**Required work**
For this exercise, copy exactly only the lines from the one containing "Elandapatti village has" to the final line of the material below, without the pictures.

**Data records**
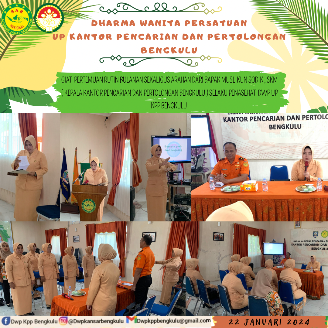 Senin, 22 Januari 2024 Giat Pertemuan Rutin Bulanan sekaligus arahan dari Bapak Muslikun Sodik, SKM (Kepala Kantor Pencarian dan Pertolongan Bengkulu) selaku penasehat DWP UP KPP Bengkulu
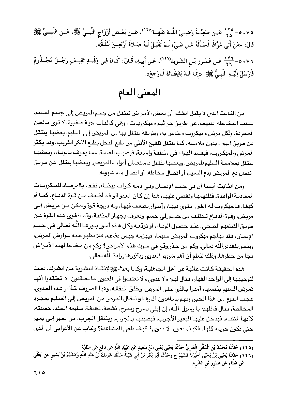 من الثابت الذي لا يقبل الشك، أن بعض الأمراض تنتقل من جسم المريض إلى جسم السليم، بسبب المخالطة بينهما، عن طريق جراثيم "ميكروبات" وهي كائنات حية صغيرة، لا ترى بالعين المجردة، ولكل مرض "ميكروب" خاص به، وطريقة ينتقل بها من المريض إلى السليم، بعضها ينتقل عن طريق الهواء بدون ملامسة، كما ينتقل تلقيح الأنثى من طلع النخل بطلع الذكر القريب، وقد يكثر المرض والميكروب، فيفسد الهواء في منطقة واسعة، فيصيب العامة، مما يعرف بالوباء، وبعضها ينتقل بملامسة السليم للمريض، وبعضها ينتقل باستعمال أدوات المريض، وبعضها ينتقل عن طريق اتصال دم المريض بدم السليم، أو اتصال مخاطه، أو اتصال ماء شهوته.
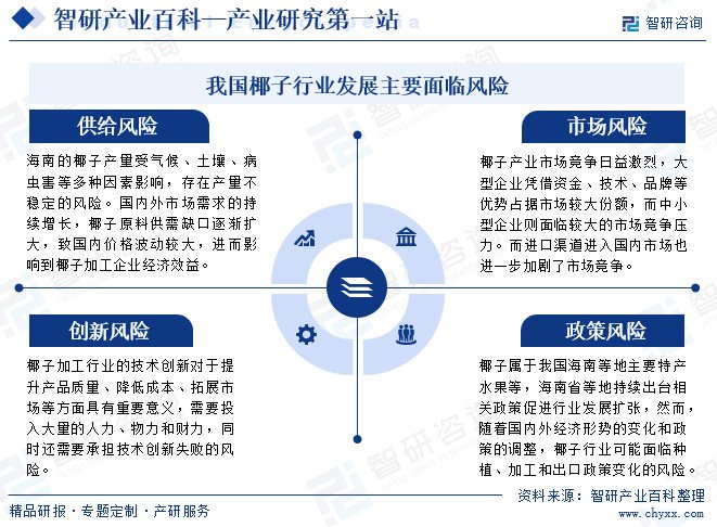 我国椰子行业发展面临多重风险,包括资源供给的不稳定性导致产量波动和市场风险,市场竞争日益激烈导致部分企业陷入困境,技术创新缺乏和资金支持不足影响行业竞争力,以及政策变化带来的不确定性和影响。这些风险共同构成了我国椰子行业发展道路上的严峻挑战,需要行业内外共同努力,加强技术创新、政策沟通和市场监管,以应对和降低风险,促进椰子行业的健康可持续发展。
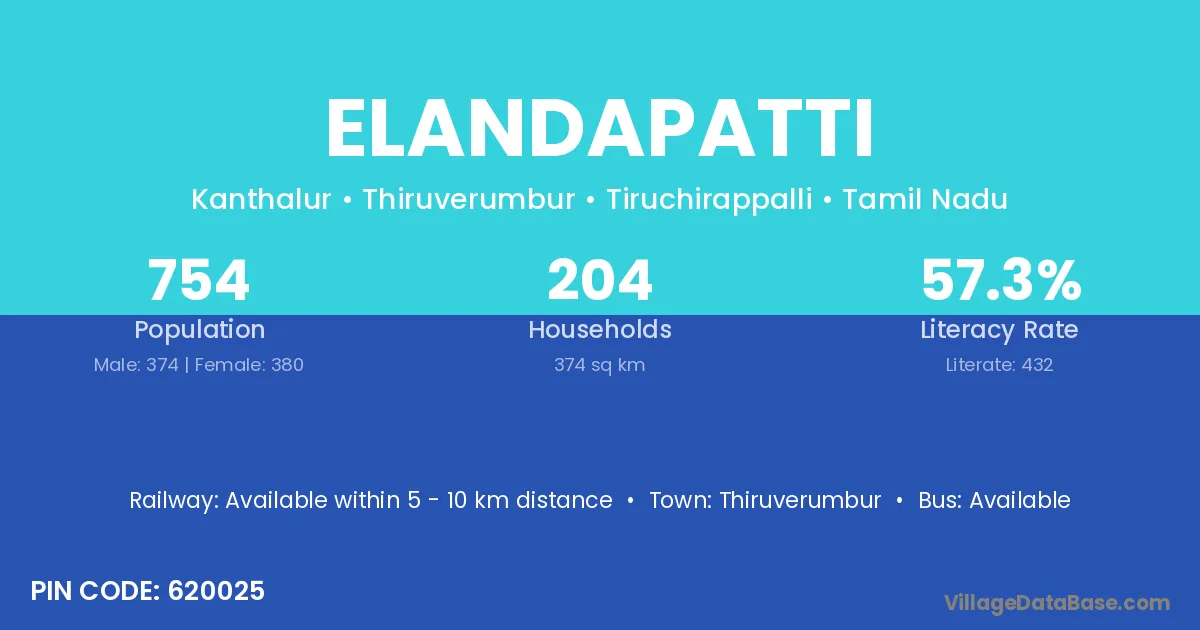 Elandapatti village has a total population of 754 people, of which 374 are males and 380 are females.
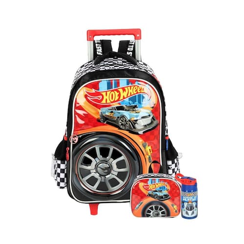 Kit Escolar Mochila com Rodas+Lancheira Térmica+Garrafa Hot Wheels
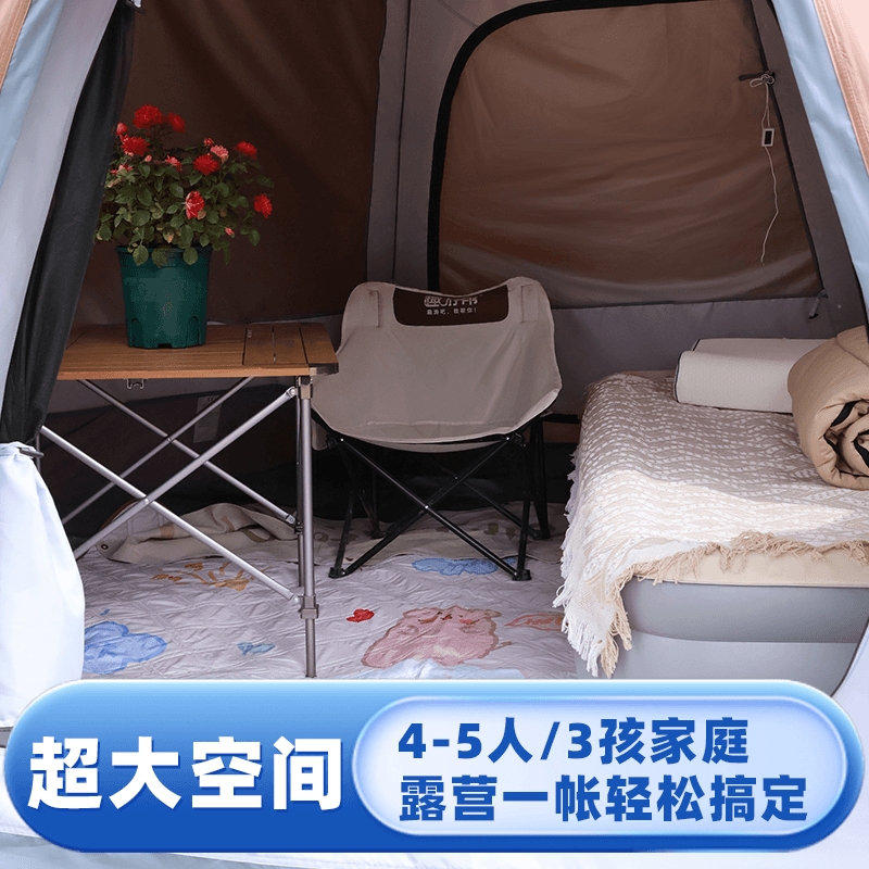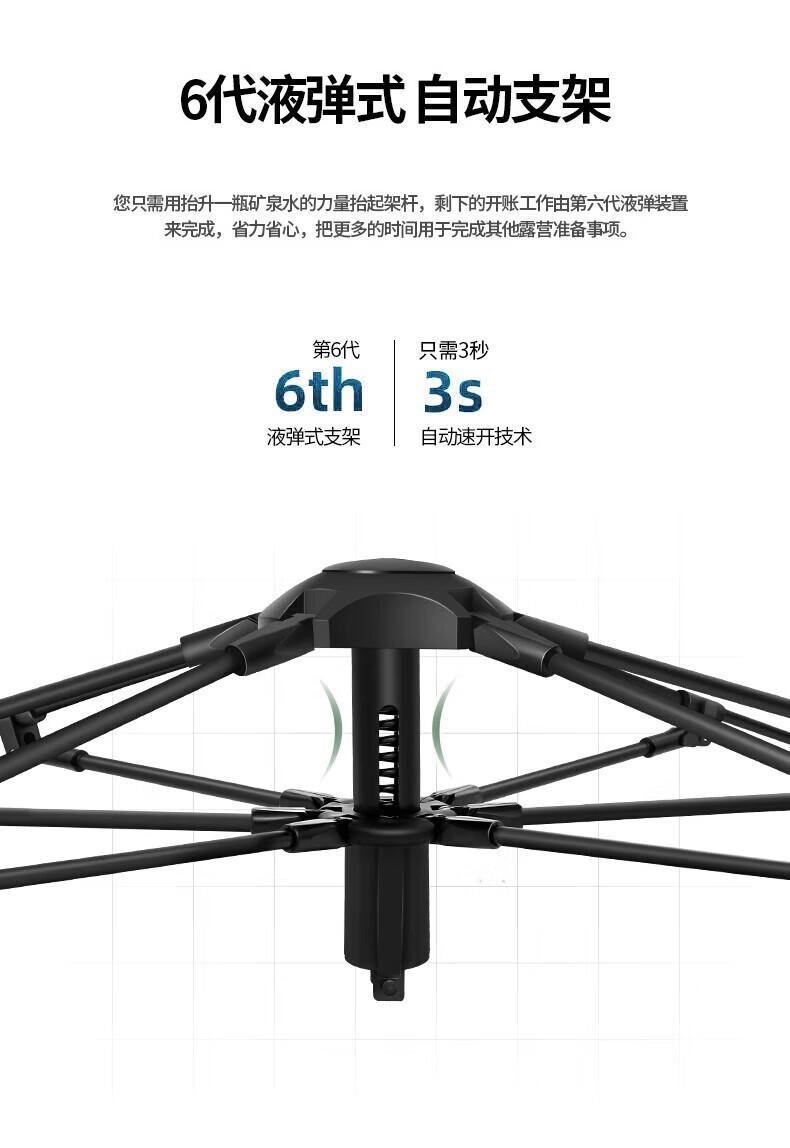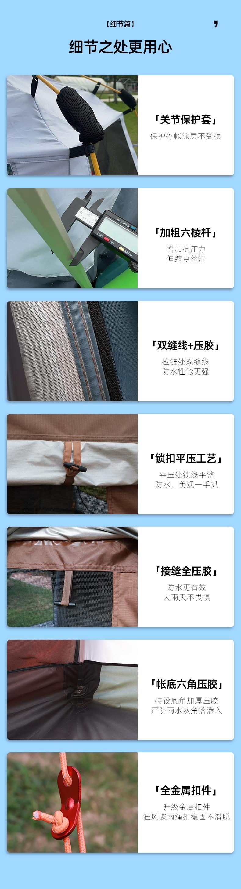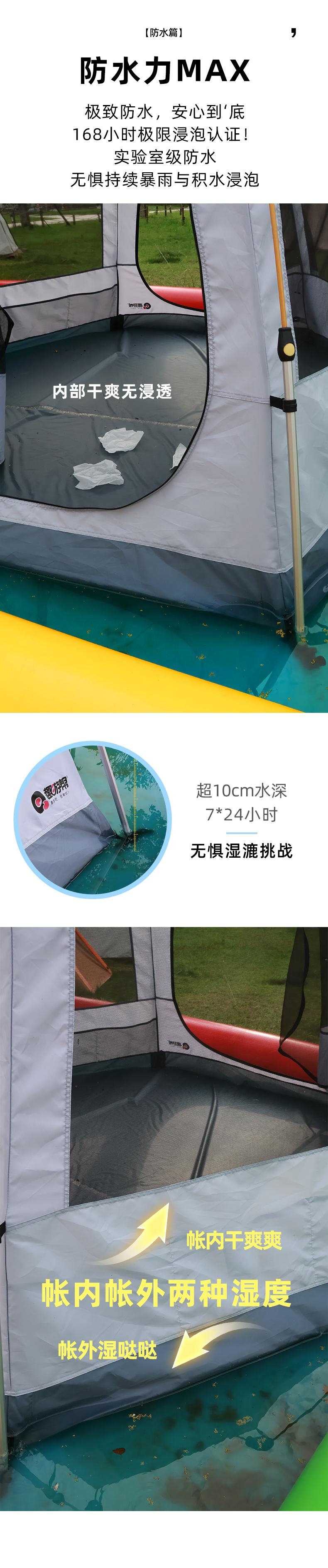 8 级强风防护,专业级户外抗造;双重深度压胶,PU8000 暴雨级防水;六角双层结构,四季通用保暖防潮;超大旅居空间,5-6 人舒适共处;UPF50 + 高倍防晒,全波段紫外线阻隔

**Exercise response**
 Elandapatti village has a total population of 754 people, of which 374 are males and 380 are females.
 Kit Escolar Mochila com Rodas+Lancheira Térmica+Garrafa Hot Wheels
 8 级强风防护,专业级户外抗造;双重深度压胶,PU8000 暴雨级防水;六角双层结构,四季通用保暖防潮;超大旅居空间,5-6 人舒适共处;UPF50 + 高倍防晒,全波段紫外线阻隔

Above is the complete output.